Refactor ELF symbol table reading by adding a new symtab reader
Based on existing functionality, implement the reading of ELF symbol
tables as a separate component. This reduces the complexity of
abg-dwarf-reader's read_context by separating and delegating the
functionality. This also allows dedicated testing.
The new namespace symtab_reader contains a couple of new components that
work loosely coupled together. Together they allow for a consistent view
on a symbol table. With filter criteria those views can be restricted,
iterated and consistent lookup maps can be built on top of them. While
this implementation tries to address some shortcomings of the previous
model, it still provides the high level interfaces to the symbol table
contents through sorted iterating and name/address mapped access.
symtab_reader::symtab
While the other classes in the same namespace are merely helpers, this
is the main implementation of symtab reading and storage.
Symtab objects are factory created to ensure a consistent construction
and valid invariants. Thus a symtab will be loaded by either passing
an ELF handle (when reading from binary) or by passing a set of
function/variable symbol maps (when reading from XML).
When constructed they are considered const and are not writable
anymore. As such, all public methods are const.
The load reuses the existing implementation for loading symtab
sections, but since the new implementation does not distinguish
between functions and variables, the code could be simplified. The
support for ppc64 function entry addresses has been deferred to a
later commit.
Linux Kernel symbol tables are now directly loaded by name when
encountering symbols prefixed with the __ksymtab_ as per convention.
This has been tricky in the past due to various different binary
layouts (relocations, position relative relocations, symbol
namespaces, CFI indirections, differences between vmlinux and kernel
modules). Thus the new implementation is much simpler and is less
vulnerable to future ksymtab changes.

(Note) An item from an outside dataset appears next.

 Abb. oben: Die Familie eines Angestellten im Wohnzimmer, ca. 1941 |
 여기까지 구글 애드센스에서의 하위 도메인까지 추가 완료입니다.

As we are also not looking up
the Kernel symbols by addresses, we could resolve shortcomings with
symbol aliasing: Previously a symbol and its alias were
indistinguishable as they are having the same symbol address. We could
not identify the one that is actually exported via ksymtab.
One major architectural difference of this implementation is that we
do not early discard suppressed symbols. While we keep them out of the
vector of exported symbols, we still make them available for lookup.

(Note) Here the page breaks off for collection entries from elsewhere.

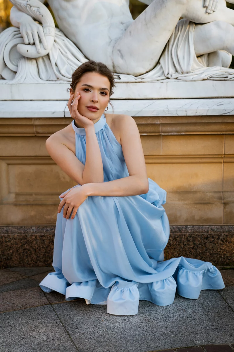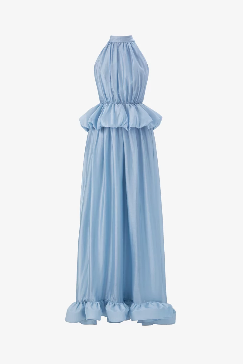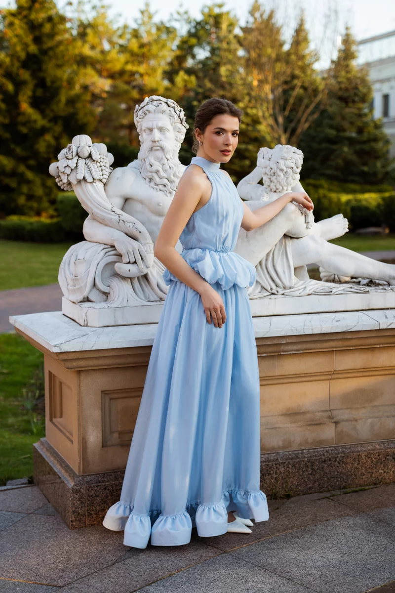 Платье макси из органзы, напоминающее глоток свежего воздуха и придающее образу архитектурного объема, оставаясь при этом абсолютно невесомым и прозрачным. Модель стилизована воротником-стойкой, подчеркнутой талией и юбкой-клеш с рюшами. Застёгивается на скрытую молнию сзади. На подкладке
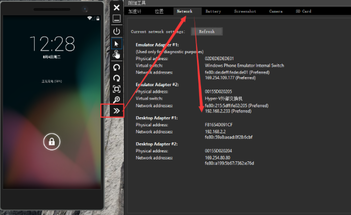 Parameters:添加adb.exe的參數,connect ip:5555;筆者的是 192.168.2.233:5555。ip可以通過打開模擬器在wifi中查看,也可以在模擬器的設置中network中查看
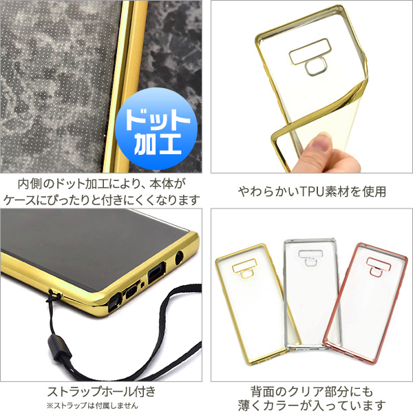 <スマホケース>Galaxy Note9 SC-01L/SCV40用メタリックバンパーソフトクリアケース
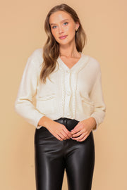 This knitted cardigan features a V-neckline and button-down front. The sweater is adorned with braided details along the front edges and pocket outlines, adding a touch of texture and visual interest. The cardigan has long sleeves and a slightly cropped fit, making it a versatile piece that can be paired with various bottoms for a cozy yet stylish look. The material appears soft and comfortable, suitable for layering in cooler weather.
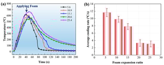 Temperature curves and average cooling rates inside the fuel bed under different foam expansion ratios: (a) average temperature variation curves of the fuel bed under different foam expansion ratios; (b) average cooling rates of the fuel bed under different foam expansion ratios (including repeated experiments).

That helps addressing issues when looking up a symbol by address (e.g.
from the ksymtab read implementation) that is suppressed. That would
fail in the existing implementation.
Still, we intend to only instantiate each symbol once and pass around
shared_ptr instances to refer to it from the vector as well as from
the lookup maps.
For reading, there are two access paths that serve the existing
patterns:
1) lookup_symbol: either via a name or an address
2) filtered iteration with begin(), end()

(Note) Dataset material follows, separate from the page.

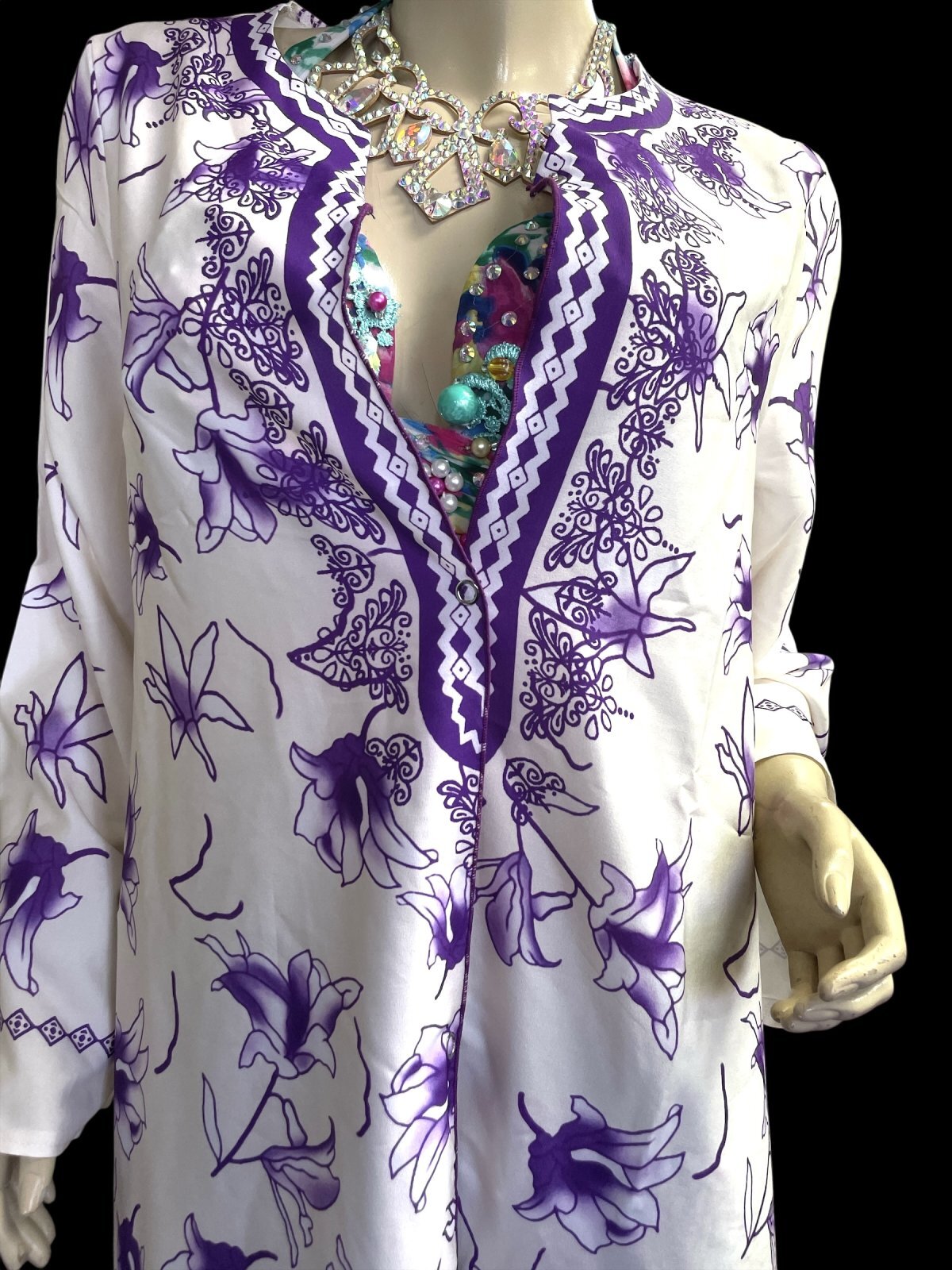 プリントポリエステルガラベーヤ☆white purple flower ☆前開きタイプ☆フロントオープン

The former is used for direct access with a clue in hand (like a name
or an address), the latter is used for iteration (e.g. when emitting
the XML).
symtab_reader::symtab_iterator
The symtab_iterator is an STL compatible iterator that is returned
from begin() and end() of the symtab. It allows usual forward iterator
operations and can optionally take a filter predicate to skip non
matching elements.
symtab_reader::symtab_filter
The symtab_filter serves as a predicate for the symtab_iterator by
providing a matches(const elf_symbol_sptr&) function. The predicate
is built by ANDing together several conditions on attributes a symbol
can have. The filter conditions are implemented in terms of
std::optional<bool> members to allow a tristate: "needs to have the
condition set", "must not have it set" and "don't care".
symtab_reader::filtered_symtab
The filtered_symtab is a convenience zero cost abstraction that allows
prepopulating the symtab_filter (call it a capture) such that begin()
and end() are now accessible without the need to pass the filter
again. Argumentless begin() and end() are a requirement for range-for
loops and other STL based algorithms.